18-19 (1.2.1 Плотность вероятности)

искусственный интеллект

1.2.1 Плотность вероятности

   В дополнение к рассмотрению вероятностей, определенных для множеств дискретного времени, мы также хотим рассмотреть вероятности относительно непрерывных переменных. Мы ограничимся относительно неформальными дискуссиями. Если вещественная переменнаяxxпопасть в интервал(x,x+δx)(x,x+\delta x)Вероятность внутри определяется выражениемp(x)δxp(x)\delta xвыражатьδx0\delta x\rightarrow 0,Такp(x)p(x)называетсяxxПлотность вероятности на . Как показано на рисунке 1.12.xxв интервале(a,b)(a,b)Вероятность внутри определяется как:

p(xе(a,b))=abp(x)dx(1.24)p(x\in(a,b))=\int_a^bp(x)dx\tag{1.24}

потому что вероятность неотрицательна и потому чтоxxЗначение должно лежать где-то на действительной оси, поэтому плотность вероятностиp(x)p(x)Оба условия должны быть соблюдены

p(x)0(1.25)p(x)\geq0\tag{1.25}
p(x)dx=1(1.26)\int_{-\infty}^\infty p(x)dx=1\tag{1.26}

При нелинейных заменах переменных плотность вероятности преобразуется иначе, чем простые функции, из-за фактора Якоби. Например, если мы рассмотрим переменнуюx=g(y)x=g(y)изменяется, то функцияf(x)f(x)статьf(y)=f(g(y))f(y)=f(g(y)). Теперь рассмотрим плотность вероятностиpx(x)p_x(x), что соответствует переменной относительно новогоyyплотностьpy(y)p_y(y), что достаточно для представленияpx(x)p_x(x)иpy(y)p_y(y)это факт разной плотности. для меньшегоδx\delta xстоимость в(x,x+δx)(x,x+\delta x)Наблюдения в пределах диапазона будут преобразованы в(y,y+δy)(y,y+\delta y)диапазон, гдеpx(x)δxpy(y)δyp_x(x)\delta x \simeq p_y(y)\delta yтак что

P(z)=zp(x)dx(1.28)P(z)=\int_{-\infty}^zp(x)dx\tag{1.28}

это удовлетворяетP'(x)=p(x)P'(x)=p(x), как показано на рисунке 1.12.

Figure 1.12

Рис. 1.12. Вероятность дискретных переменных. Вероятность можно разложить на непрерывные переменные.xxплотность вероятности наp(x)p(x), и пусть он лежит в интервале(x,δx)(x,\delta x)изxxВероятность определяется выражениемδx\delta xизp(x)δxp(x)\delta xдаватьδx0\delta x\rightarrow0. Плотность вероятности может быть выражена как кумулятивная функция распределенияP(x)P(x)производная от .
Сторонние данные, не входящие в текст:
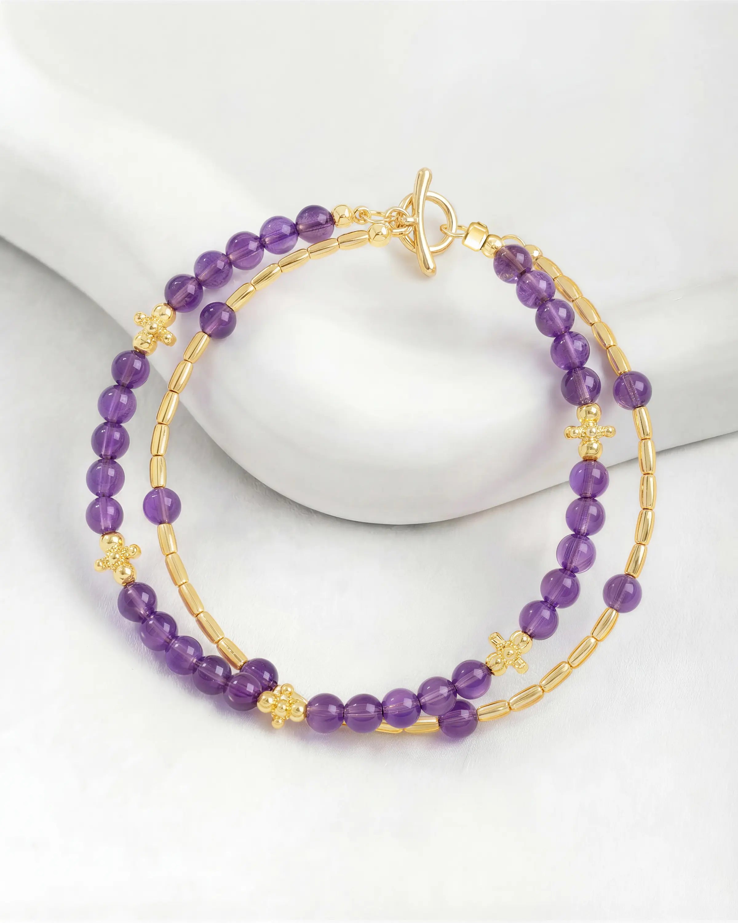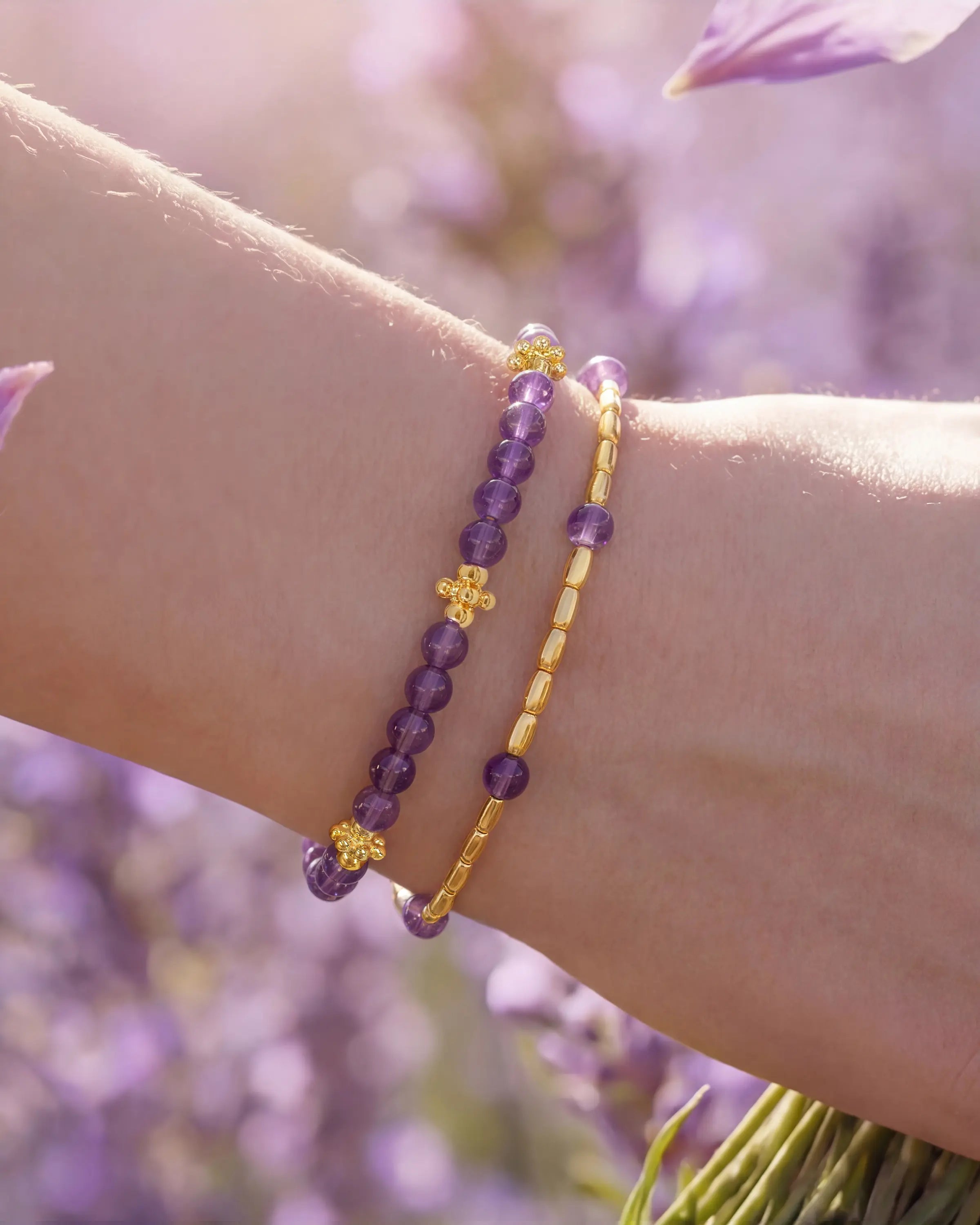 Effortless elegance in a single click. This duo-chain bracelet interweaves gold beads with 4mm Amethyst in a rhythmic sequence, giving you a perfectly curated, tangle-free layered look. While the violet hue awakens your Intuition, Amethyst brings a sense of Inner Peace—the ideal companion for a quiet afternoon lost in a book or a starlit dinner date.

   Если у нас есть несколько непрерывных переменныхx1,...,xDx_1,...,x_D, с векторомxxпредставляет, то мы можем определить совместную плотность вероятностиp(x)=p(x1,...,xD)p(x)=p(x_1,...,x_D)такой, что x попадает в содержащую точкуxxбесконечно малый объемδx\delta xВероятность вp(x)δxp(x)\delta xданный. Эта многомерная плотность вероятности должна удовлетворять

p(x)0(1.29)p(x)\geq0\tag{1.29}
p(x)dx=1(1.30)\int p(x)dx=1\tag{1.30}

где интеграл для всегоxxКосмический интеграл. Мы также можем рассмотреть комбинацию совместных распределений вероятностей по дискретным и непрерывным переменным.

   Обратите внимание, что еслиxxявляется дискретной переменной, тоp(x)p(x)иногда называют функцией массы вероятности, потому что ее можно рассматривать как наборxx​Вероятностная масса при допустимых значениях.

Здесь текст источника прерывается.